Hacker News new | ask | show | jobs
by learc83 2944 days ago
A company I consulted for was using a paid API to handle search.

Despite the fact that the entire site was available in an easy to scrape XML format, scrapers kept using the search feature.

They were trying very hard to overcome my countermeasures--they had a seemingly limitless pool of IPs, they were rotating user agent strings, and they tried to randomize search behavior.

Everytime I implemented a new countermeasure they'd try to find a way around it. It was maddening because we made everything available for them through the XML feed. They just wouldn't use it.

6 comments

An explicit message to use that feed as part of the countermeasures might be useful. Did/do you do this?
That is kinda sad to hear. The approach should always be to go through the path of least resistance and smallest effect on the website.

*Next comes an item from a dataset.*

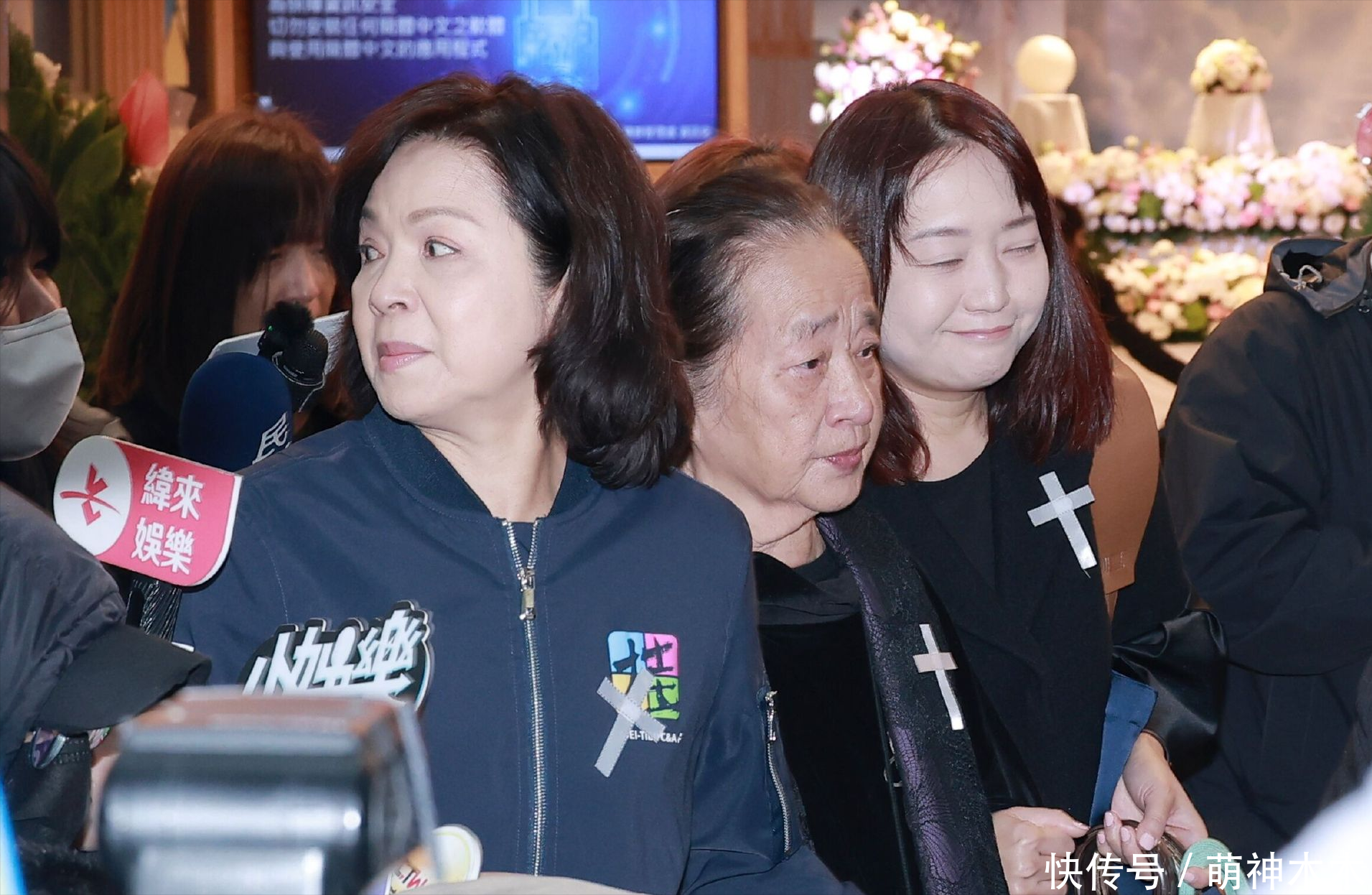 SHE也集体送上花篮,Ella一身黑衣低调现身送别恩师,离开仪式时已经哭红双眼,面对台媒采访更是哽咽到说不清楚话。
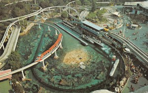 Details About Disneyland Postcard Submarine Lagoon Aerial View Red Monorail Autopia 1 342

So for example, if a company has API that can be used instead of scraping their website, then it's always preferred to use the API. Same would go for the XML you mentioned.

It's bad that not everyone works like this; there are quite a lot of people who would rather brute-force a solution than think about it.

The path of least resistance for the bots appears to be that they have a tool that scrapes search results, and nothing to talk to an API.
Interestingly XML is not easy to parse with a lot of these scraping tools that rely on JavaScript... sure, the tools can easily parse HTML and convert to json or csv, but taking xml in random format and doing the same is rather difficult.

It may have been better to just publish the site in HTML format with an easy to find link on front page to access it.

We have kind of the same thing. All data is in an API which is less than a cheap VPS and display messages to them about using the API if they get blocked but they just come back with a new IP every time.
You had a paid API, and people wanted the information for free....

Not unexpected I guess.

After searching "algolia" mentioned below, I figured out the misunderstanding. The company was paying somebody else per search made on their web site. So every time a scraper called the website's search function, it cost the website money.
you've misunderstood: the site used something like algolia (which the site paid for) to index. the scrapers were hitting that service (which was costing the site) rather than parsing the xml (which already had everything).
The paid API was just to handle the search of the company database (couldn't change that for political reasons).

They weren't getting any information that they couldn't get through the XML.

Maybe it was sabotage.